The plot shows training and validation accuracy for different training set sizes.

In [None]:

train_sizes, train_scores, test_scores = learning_curve(
    svm_rbf,
    X_train_scaled,
    y_train,
    cv=5,
    train_sizes=np.linspace(0.1, 1.0, 5),
    n_jobs=-1
)

train_mean = train_scores.mean(axis=1)
test_mean = test_scores.mean(axis=1)

plt.figure(figsize=(6, 4))
plt.plot(train_sizes, train_mean, marker="o", label="Training Accuracy")
plt.plot(train_sizes, test_mean, marker="o", label="Validation Accuracy")
plt.xlabel("Training Set Size")
plt.ylabel("Accuracy")
plt.title("Learning Curve – SVM RBF")
plt.legend()
plt.show()


### Interpretation of the Learning Curve

- **Training accuracy** starts very high for small training sizes and decreases slightly as we add more data.  
- **Validation accuracy** improves as the training set grows and then stabilizes around a similar range as training accuracy.

This pattern suggests that the RBF SVM benefits from more data and ends up with **low variance and low bias**:  
the model is not severely overfitting (training and validation curves are close) and additional data provides diminishing returns after a certain point.

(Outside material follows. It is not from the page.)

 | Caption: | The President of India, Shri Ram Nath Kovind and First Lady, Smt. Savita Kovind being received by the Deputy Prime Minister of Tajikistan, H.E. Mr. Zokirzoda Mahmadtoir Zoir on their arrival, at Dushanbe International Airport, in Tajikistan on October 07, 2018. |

## 8. Final Model Comparison

In [None]:

# Combine baseline model metrics with tuned SVM results in a single table
all_results = pd.DataFrame(results).T
all_results.loc["Best SVM (Tuned)"] = best_results
all_results


### Discussion & Conclusion

From the final comparison table we observe that:

- All four models achieve **strong performance** with accuracies around the high‑80% range.
- The **tuned SVM with RBF kernel** achieves the best overall balance of metrics (highest or near‑highest accuracy, precision, recall, and F1‑score).
- The **linear models** (Linear SVM, Logistic Regression, SGDClassifier) perform only slightly worse, which suggests that much of the class separation is close to linear in the feature space.
- **SGDClassifier** is somewhat behind the other models but is still competitive and demonstrates how stochastic gradient descent can approximate a linear SVM efficiently.

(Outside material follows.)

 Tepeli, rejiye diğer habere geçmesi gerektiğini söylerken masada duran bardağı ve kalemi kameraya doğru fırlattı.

Overall, we conclude that:

1. Demographic and socioeconomic features from the NYC census tracts contain enough signal to reliably distinguish **high‑income vs low‑income** neighborhoods.  
2. Non‑linear SVM with RBF kernel is a strong choice for this problem, especially after hyperparameter tuning and proper scaling.  
3. For deployment in a real system, a simpler linear classifier (e.g., Logistic Regression or Linear SVM) could be preferred if interpretability and training speed are more important than the last few percentage points of accuracy.